E-Commerce websites are constantly under scrutiny for a myriad of reasons. Whether it be from consumers or regulatory committees, these websites need to play defense 24/7 to ensure their networks remain compromise-free from the threat of hackers. This is one of the main reasons why the General Data Protection Regulation (GDPR) was adopted in Europe in 2006.
Although GDPR may be somewhat of a regulatory headache for e-commerce websites, it is also important for keeping consumer data secure. With an estimated average of 4,800 e-commerce websites every month becoming compromised by hackers inserting malicious code into their website to steal payment information such as credit card numbers, names, and more – there is no denying that a strong defense is the perfect solution.

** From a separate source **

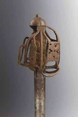 the hilt of conventional form with pierced cross guards some damage to bars, the wormed wooden grip missing its cover and binding, large mushroom shaped pommel, the double edged blade signed ANDRIA FRERARA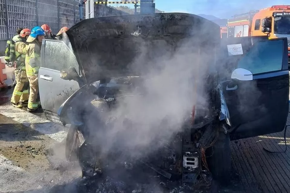 Новото превозно средство беше напълно унищожено при масивен пожар, избухнал по време на тестово шофиране на кросоувъра на магистрала в Улсан, Южна Корея, съобщи за инцидента порталът News1.kr.

This is why having a GDPR compliance checklist for e-commerce companies is incredibly advantageous in helping overcome these malicious network intruders. Let’s walk you through our GDPR e-commerce checklist that helps online retailers understand the importance of GDPR and what rules and regulations they should familiarize themselves and their IT teams with.
What is GDPR?
General Data Protection Regulation (GDPR for short) was adopted by the European Union (EU) in April 2016 and took effect in May of 2018. GDPR creates rules for how all European residents’ data must be managed by businesses operating in that region. Overall, GDPR impacts how businesses handle data that pertains to everything from medical history to financial records to internet activity.
GDPR has been a momentous undertaking that has reshaped what E-Commerce is and how it is Europe, influencing how you engage with your customers, the tools you use, and how you use them. Even though the term “e-commerce” is only discussed once in the entire full text of GDPR, that doesn’t mean that e-commerce websites are immune to it.
Regardless of where the physical company is based, GDPR applies to all companies that offer products or services to consumers in Europe. That means even if 100% of your storefronts or your corporate headquarters are not in the EU, but your e-commerce website caters to EU customers, then your website needs to abide by GDPR.
As a reminder, GDPR doesn’t just pertain to the European customers that actually purchase products from your e-commerce website. It also covers any interaction that they have on your website that pertains to their personal data.
Why Do We Need GDPR?
GDPR sets out to outline the laws that govern the rights of individuals and configures a list of obligations in the form of regulations that businesses are subjected to. These regulations are a very high standard for any company to meet. If your e-commerce website is under the gaze of GDPR, you’re most likely going to need to invest large sums of money to ensure your compliance or face the music when it comes to paying hefty fines.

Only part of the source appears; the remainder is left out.